Ha mai parlato con Breivik?

"Ho scritto un libro che si apre con una lettera che Breivik ha scritto nel gennaio 2020 a me e ad altri parlamentari in cui presenta le proprie scuse. Sostiene di aver cambiato le sue idee da posizioni di estrema destra ad una, diciamo, più moderata. Così nell'ultimo capitolo gli ho scritto a mia volta più o meno queste parole: "Ho letto la sua lettera e volevo farle sapere come lei abbia traumatizzato me e un'intera generazione che non si sente più al sicuro. Anche se lei parla di supremazia bianca io sono meglio di lei, perché lavoro per creare una società aperta che includa anche quelli come lei, quindi non ha nulla da insegnarmi"".

 

Fuori dalla Norvegia la pena di 21 anni è stata giudicata troppo lieve. Breivik tra 11 anni potrebbe uscire dal carcere. Come la fa sentire?

"La prigione deve punire, ma allo stesso tempo bisogna reinserire i criminali nella società quando hanno scontato la pena. Certo, da vittima, trovo un insulto l'idea che possa girare a piede libero, ma io devo ragionare da politica. Quando nel 2015 sono diventata vicesindaco di Oslo ho detto che Breivik dovrebbe andare a lavorare in uno di quei centri che accolgono gli immigrati, perché solo così potrebbe cambiare la propria prospettiva".

 

Di recente il primo ministro Erna Solberg ha dichiarato che la Norvegia ha un problema di razzismo strutturale. Lei che è arrivata a tre anni come rifugiata dallo Sri Lanka che ne pensa?

"Quando avevo sette anni due ragazzini più grandi mi spalmarono la faccia di neve cercando di lavare via il colore della mia pelle. All'epoca però non avevo l'età per capire quel tipo di attacco, proseguito in maniera più sfumata nella mia vita da adulta. Ora la mia autostima mi permette di ignorare tutto ciò. In Norvegia non c'è l'apartheid e non tutti sono razzisti. Ma il razzismo diventa strutturale quando la cultura discriminatoria si ripete e non si fa nulla per contrastarla. I razzisti spesso non conoscono persone diverse da sé, e aprirsi e conoscere gli altri e il mondo è l'unico modo di cambiare le cose".

 

Crede che i social media siano parte del problema?

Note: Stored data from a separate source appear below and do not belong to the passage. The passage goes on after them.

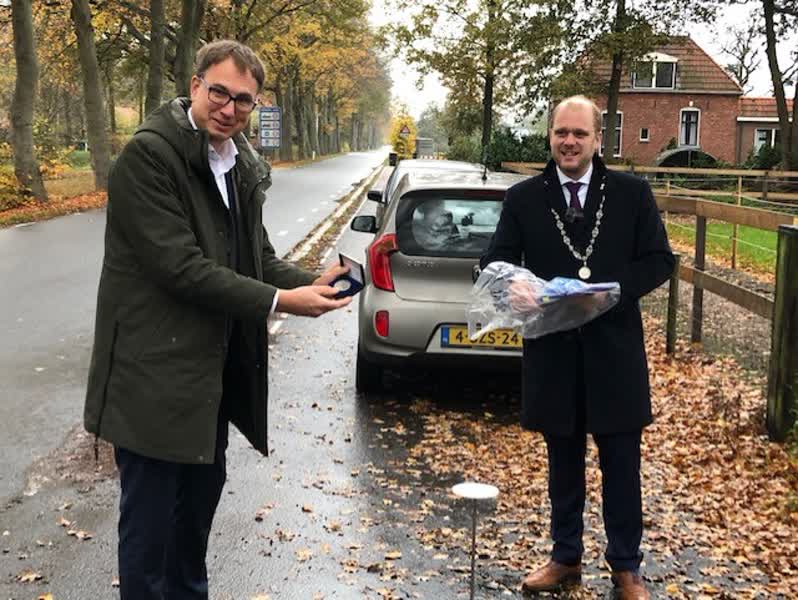 De erepenningen werden op de grens met Vreden (Holtwisch) en Südlohn-Oeding (Vedder) uitgereikt, samen met bijbehorende oorkonde en een bos bloemen. "Die krijgen een mooi plekje in huis", reageerde Holtwisch, die tegenwoordig professor is aan de universiteit voor politie en bestuurskunde in Mühlheim.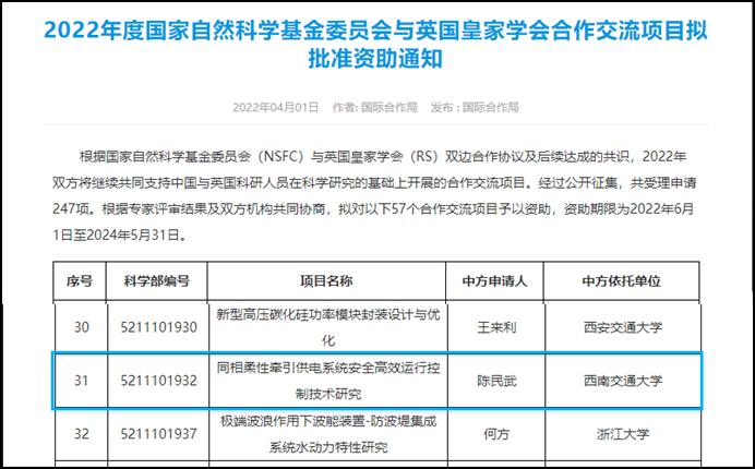 Recently, Prof. Minwu Chen and Dr. Tian Zhongbei from the University of Liverpool were awarded the NSFC-RS cooperative exchange project "Research on Safe and Efficient Operation Control Technology of Homogeneous Flexible Traction Power Supply System" as the leaders of both sid...
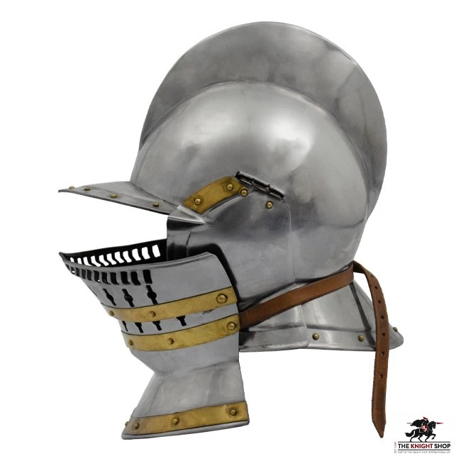 The Tudor Burgonet is handcrafted from polished steel and has hinged cheek pieces, a detachable visor (falling buffe – held in place with a buckled leather strap) and brass decoration. Comes complete with separate padded lining cap that can be glued in if required. Â It is constructed from 18 gauge steel and is great for theatrical use or display.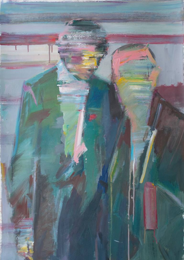 The portraits of young people are a way to raise the topic of publicity and privacy in the modern digital age, where individual features are depersonalized and real emotions are absent and blurred. Therefore, this painting creates a double feeling, a struggle between two incompatible elements: the m...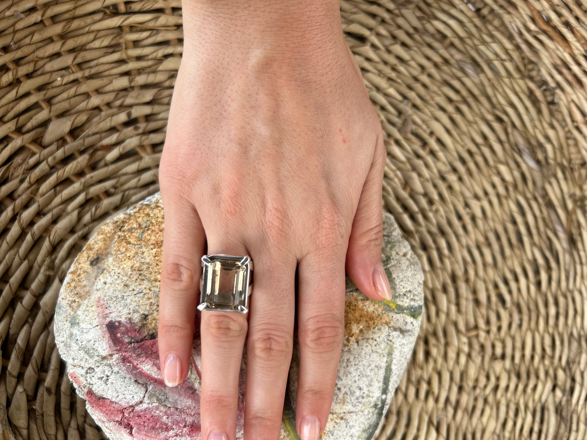 Anillo Alba Protectora, en plata 925 con topacio ahumado, un talismán de calma y protección. Proveniente de Brasil, esta piedra enraíza tu energía, disipa miedos y absorbe negatividad.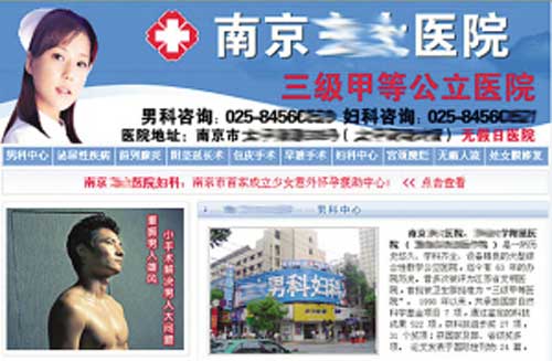 率先發(fā)現(xiàn)這一事情的是某李毅球迷組織,他們的偶像李毅竟然上了南京某性病醫(yī)院的宣傳網(wǎng)站的頭條位置。一則廣告是李毅低垂著腦袋,下面配的文字是“東大男科恢復(fù)您的自信與健康”,而另一則廣告則更加“露骨”,李毅的半身裸照配著“小手術(shù)解決男人大問題,重振男人雄風(fēng)”的文字。某球迷憤憤不平地表示:“這樣的文字,再配上大帝裸露上半身的照片,給人的感覺要么是李毅通過這樣的手術(shù),重振‘雄風(fēng)’的,要么就是李毅成了這家性病醫(yī)院的代言人!”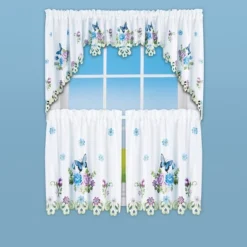 These charming, embroidered curtains feature a lovely yellow and pink lily border with beautiful blue, orange and pink butterflies flying above. The white curtains have a pretty, cutout border at the bottom edge of valance and lace trim on panels. Rod pocket tops. Machine wash. Polyester; imported. Choose: Valance (34″L x 58″W), 63″ Panel Pair Set of 2 (63″L x 42″W each) or 84″ Panel Pair Set of 2 (84″L x 42″W each).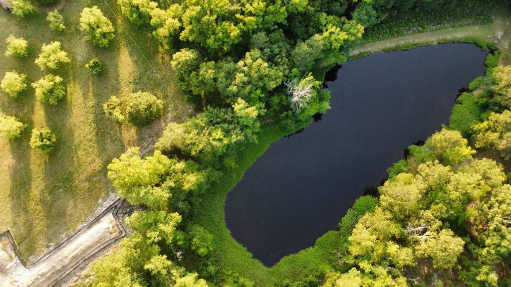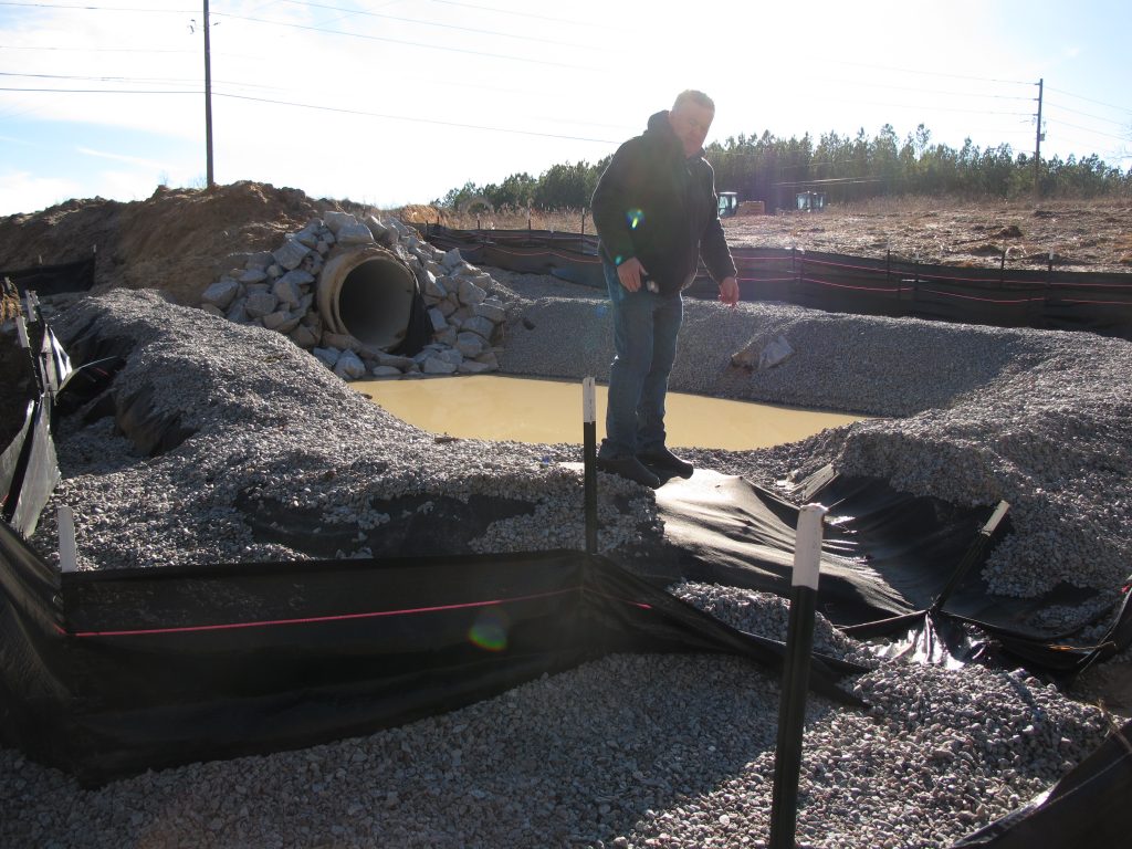Dinkins says the assistant project manager was initially responsive to his complaint. That’s when the small gravel retention pond was constructed on the neighboring property. But the retention pond filled and overflowed quickly – within 24 hours of construction. And the problematic stream of drainage water continued to flow downhill, directly into Dinkins’ pond.

"Oggi puoi pubblicare tutto quel che ti passa per la testa in pochi secondi senza filtro. Credo che il problema sia che la gente non ha più il tempo di riflettere prima di esprimersi".

 

Alcuni cittadini di Utøya si sono opposti alla costruzione di un memoriale per le vittime. L'odio si propaga più facilmente anche perché dimentichiamo in fretta?

"Dobbiamo ricordarci di chi è morto e sapere perché è morto. Penso che alcuni norvegesi non vogliano ricordare perché è difficile ammettere che Breivik è uno di noi e che qualcosa di orribile può accadere anche nel nostro Paese".

 

Nel documentario lei sembra molto forte, uscita quasi indenne da quei tragici eventi. Posso chiederle qual è il peso che si porta addosso a distanza di 10 anni?

"Mi sento in colpa per essermi tuffata e non aver salvato molti ragazzi che non hanno voluto nuotare con me. E da quel giorno non posso più entrare in un luogo chiuso senza controllare dove sono le vie d'uscita. Ricordo di essere andata al cinema un paio d'anni fa con un'amica e averle detto come se fosse una cosa normale: se qualcuno inizia a sparare dobbiamo correre da quella parte".